I think that's an over-simplification, as

1. Canon is out to make a profit. If there's no profit in an update, it wouldn't happen.

2. Canon resources are limited. If there's more profit in something else, the update wouldn't happen.

As an example, the 20mm f/2.8 wasn't updated in >20 years. The FD 17mm wasn't updated to EF. Canon could have updated it, but chose not to. Maybe it's because there's no profit in the update, maybe because there's more money in other lenses, but bottom line it just didn't happen.

3. Canon can invest something that doesn't have a concrete plan such as 'lens X on date Y', such as new types of glass, new CAD tools, flashes, etc.
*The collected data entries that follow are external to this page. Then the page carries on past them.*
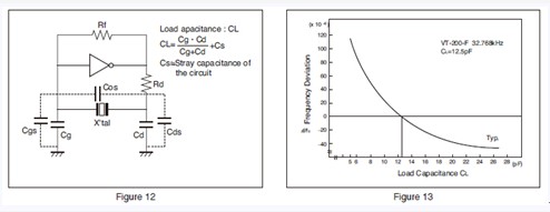 The load capacitance (CL) is a parameter for determining the frequency of the oscillation circuit. The CL is represented by an effective equivalent capacitance that is loaded from the oscillation circuit to both ends of the crystal unit (see Figure 12). The oscillation frequency varies depending upon the load capacitance of the oscillation circuit. In order to obtain the desirable frequency accuracy, matching between the load capacitances of the oscillation circuit and the crystal unit is required. For the use of the crystal unit, match the load capacitances of the oscillation circuit with the load capacitances of the crystal unit.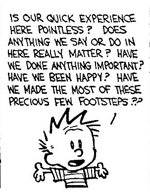 I especially appreciate Calvin and Hobbes‘ take on the meaning of life.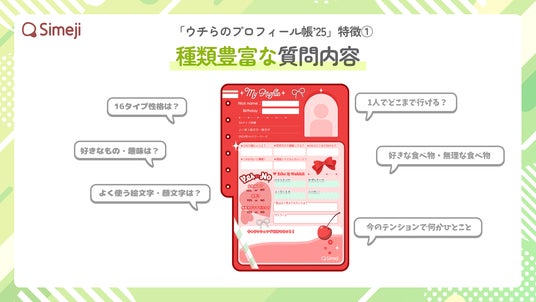 「ウチらのプロフィール帳’25」は、こうした潮流に合わせて誕生した、スマホで完結する新しいプロフィール帳です。Simejiは、“話すきっかけ”を、より簡単に、よりスマートに叶えることで、円滑なコミュニケーションを後押しいたします。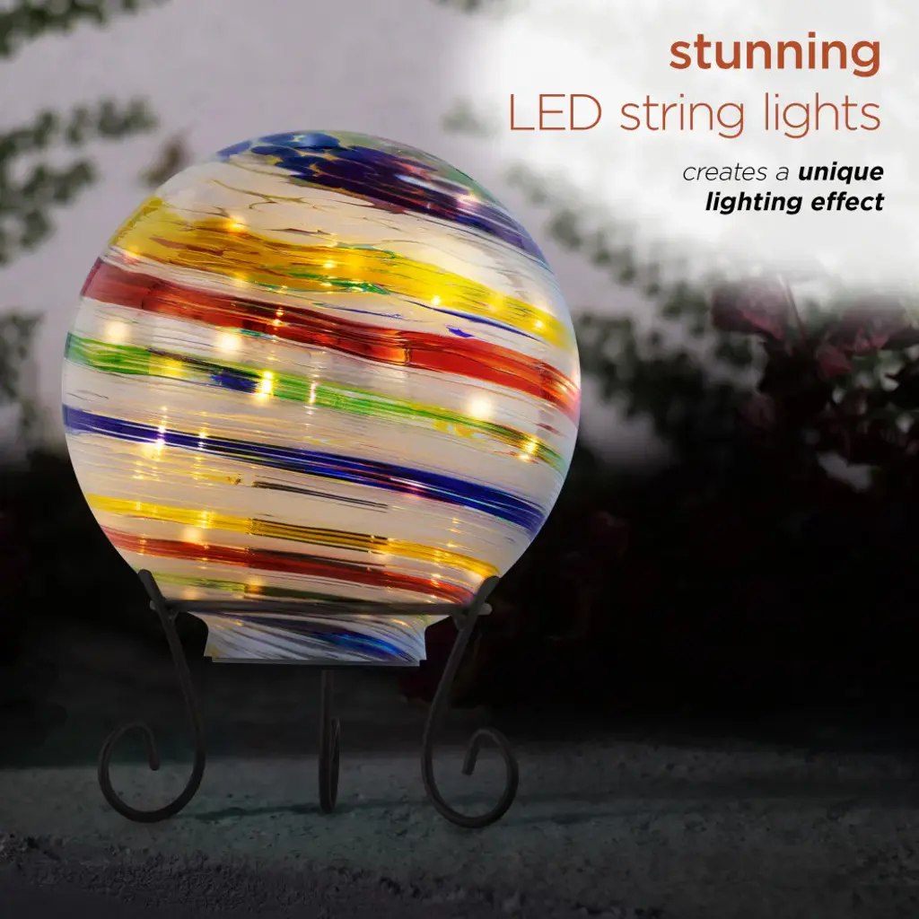 Alpine Colorful Gazing Globe With Led Lights, 10"tall
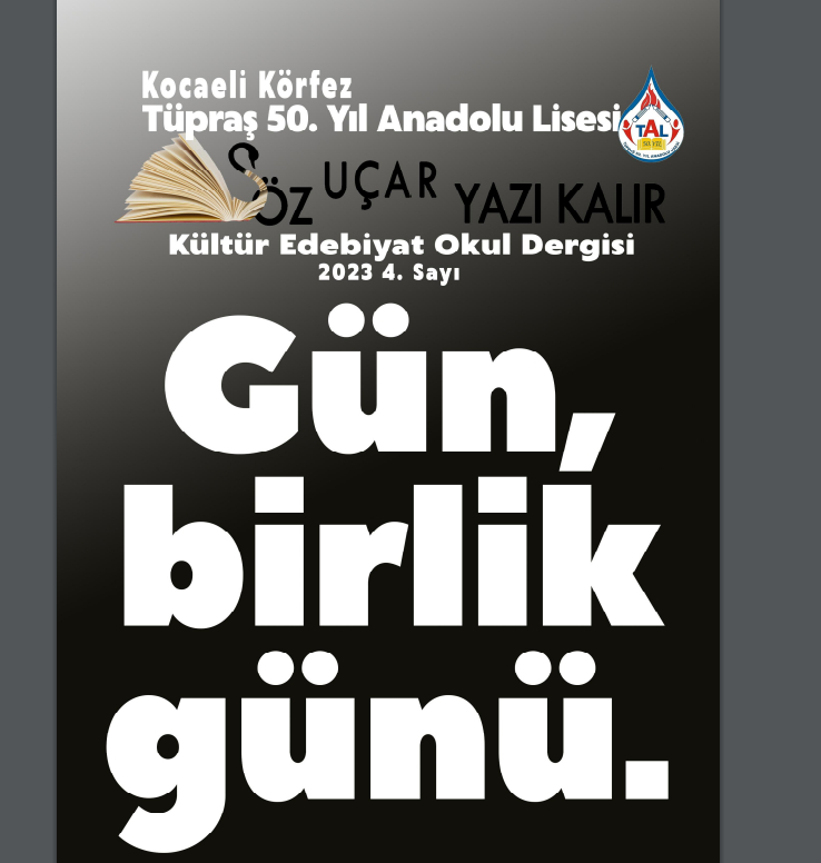 Okul Müdürü Veysel Okudan dergiyi "Okulumuz TÜPRAŞ 50.YIL ANADOLU LİSESİ öğretmen ve öğrencilerimiz tarafından hazırlanan Kültür Edebiyat Dergimiz SÖZ UÇAR YAZI KALIR 'ın 4.Sayısını (E Dergi) sizlerle paylaşmaktan, beğeninize sunmaktan onur duyarız. Veysel OKUDAN. Okul Müdürü" bu sözlerle paylaştı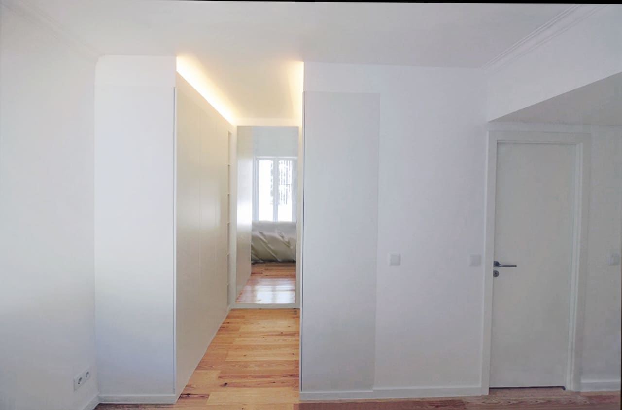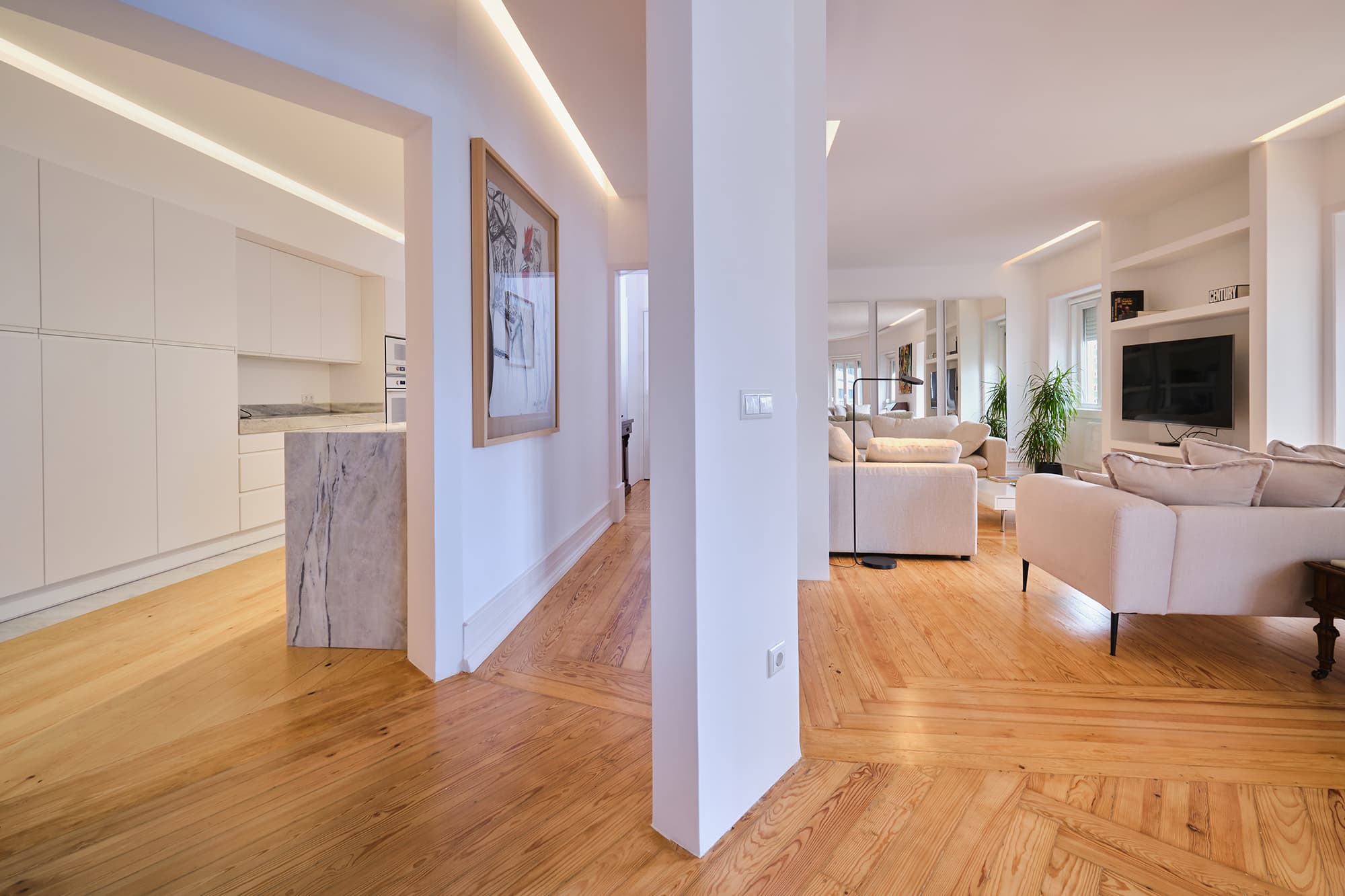 Situado no centro de Lisboa, a Rua Bernardim Ribeiro respira da centralidade dos bairros habitacionais que se construíam no início do Século XX, neste caso a Avenida da Liberdade, uma das principais avenidas de Lisboa, vai desde a Praça do Marquês de Pombal aos Restauradores. A CVZ Construções recebeu o convite para executar esta remodelação total. Uma equipa empreendedora e qualificada, na qual os projetos são executados pela sua própria mão de obra, gerida por Arquitetos e Engenheiros, iniciou a obra em pleno plano de contingência do governo contra a pandemia da COVID -19. O que se tornou num desafio ainda mais interessante acrescido pelo método construtivo do edifício do início do século XX, que é definido com paredes estruturantes exteriores em alvenaria de pedra e interiores em madeira, soalho de pinho assente em respetiva estrutura de barrotes de madeira, terminada pelo teto em gesso. A obra desenvolveu-se com muita prudência e mestria, que envolveu uma extensa colaboração entre a equipa Projetista e a equipa de Apoio de Preparação e Direção de Obra da CVZ Construções. A nova espacialidade obtida, torna o piso 1 numa zona privada mais intimista. Limitada pela escadas em madeira maciça, respondendo assim às novas exigências do habitar, espaços amplos híbridos com mais luminosidade. A memória da intervenção é definida pela materialidade do acabamento, mais especificamente a madeira de pinho e a pedra, que era uma das características exemplares do Edifício e das Frações originais. O resultado final resulta num apartamento que se abre à cidade. Cria-se uma nova alma urbana com a entrada de luz pela fachada principal na zona social, que com a demolição de paredes interiores antigas, permitiu uma nova espacialidade ampla. Lisboa está na moda, A capital está a ganhar nobreza. Denota-se o regresso da população ao seu centro e a CVZ Construções enquadra-se no mesmo movimento ao realizar obras de remodelação deste âmbito.

Not resting isn't the same as working on <existing lens> mk<current+1>


----------



## old-pr-pix (Jul 7, 2015)

CIPA tracks something they call "fitment" ratio, i.e. the number of lenses shipped for each body shipped. For years it has run around 1-1/2 to 1-2/3 lens per body. In other words, the vast majority of sales are body kitted with one or two lenses. All the other lenses made are going to a very select, demanding, but small group of users. Most people only care about the kit lenses - period.

Lenses can be thought of as multiple sub-systems - any one of which might be cause for an update. Optics, IS module, AF drive & control technology, materials/sealing/build, and manufacturing methods all come to mind as primary factors. Significant technology improvements, competitive advances, cost reduction opportunities and other market forces would be drivers.

We have seen evidence that Canon does do silent updates involving manufacturing methods without changing the lens formula and features. It seems clear that the most recent round of updates has been focused on getting the optics and manufacturing consistency "right" for higher resolution sensors. The next round might be targeted at faster, more accurate AF drive. (After all, out of focus high resolution shots are still blurry!) 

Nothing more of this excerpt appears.